VIDEX: A Disaggregated and Extensible Virtual Index for the Cloud and AI Era
Rong Kang, Shuai Wang, Tieying Zhang, Xianghong Xu, Linhui Xu, Zhimin Liang, Lei Zhang, Rui Shi, Jianjun Chen
TL;DR
VIDEX tackles cloud-native constraints on database optimization and AI-model integration by introducing a disaggregated, three-layer architecture that separates production data, a virtual-index optimizer, and an AI-enabled statistic server. By exposing standardized interfaces for AI-based cardinality and NDV estimation and enabling data-less optimization via the VIDEX-Optimizer, VIDEX achieves production-like query plans while preserving data privacy. Experimental results on representative workloads show high fidelity to production plans (average q-error $<1.1$) and scalable deployment across thousands of MySQL instances, with an open-source release to spur broader adoption and extension to other DBMSs like PostgreSQL. The approach enables flexible, GPU-accelerated AI optimization and on-demand model updates, representing a practical path for AI-driven optimization in cloud-native database systems.
Abstract
Virtual index, also known as hypothetical indexes, play a crucial role in database query optimization.
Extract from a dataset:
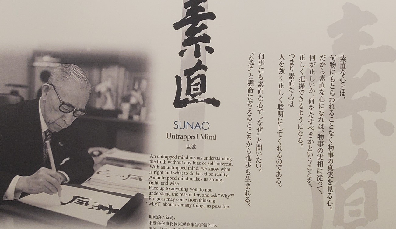 「素直な心とは、何事にもとらわれることなく物事の真実を見る心。だから素直な心になれば、物事の実相に従って何が正しいか、何をすべきかということを、正しく把握できるようになる。」
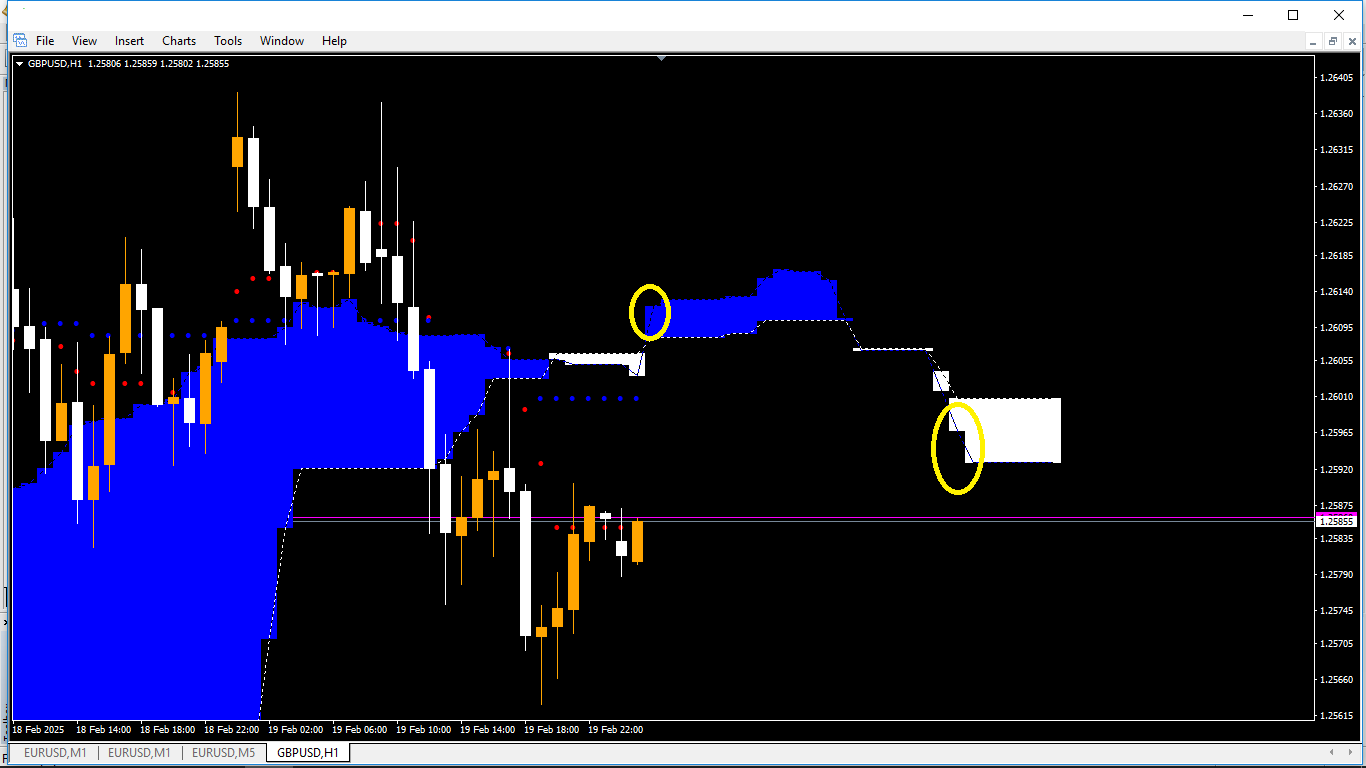 It is possible that that indicator, like Ichimoku MetaTrader, constantly colors the inside of the cloud. This way I may have trouble detecting divergences.

However, with the rapid advancement of cloud computing and AI-driven models for database optimization, traditional virtual index approaches face significant challenges. Cloud-native environments often prohibit direct conducting query optimization process on production databases due to stability requirements and data privacy concerns. Moreover, while AI models show promising progress, their integration with database systems poses challenges in system complexity, inference acceleration, and model hot updates. In this paper, we present VIDEX, a three-layer disaggregated architecture that decouples database instances, the virtual index optimizer, and algorithm services, providing standardized interfaces for AI model integration. Users can configure VIDEX by either collecting production statistics or by loading from a prepared file; this setup allows for high-accurate what-if analyses based on virtual indexes, achieving query plans that are identical to those of the production instance. Additionally, users can freely integrate new AI-driven algorithms into VIDEX. VIDEX has been successfully deployed at ByteDance, serving thousands of MySQL instances daily and over millions of SQL queries for index optimization tasks.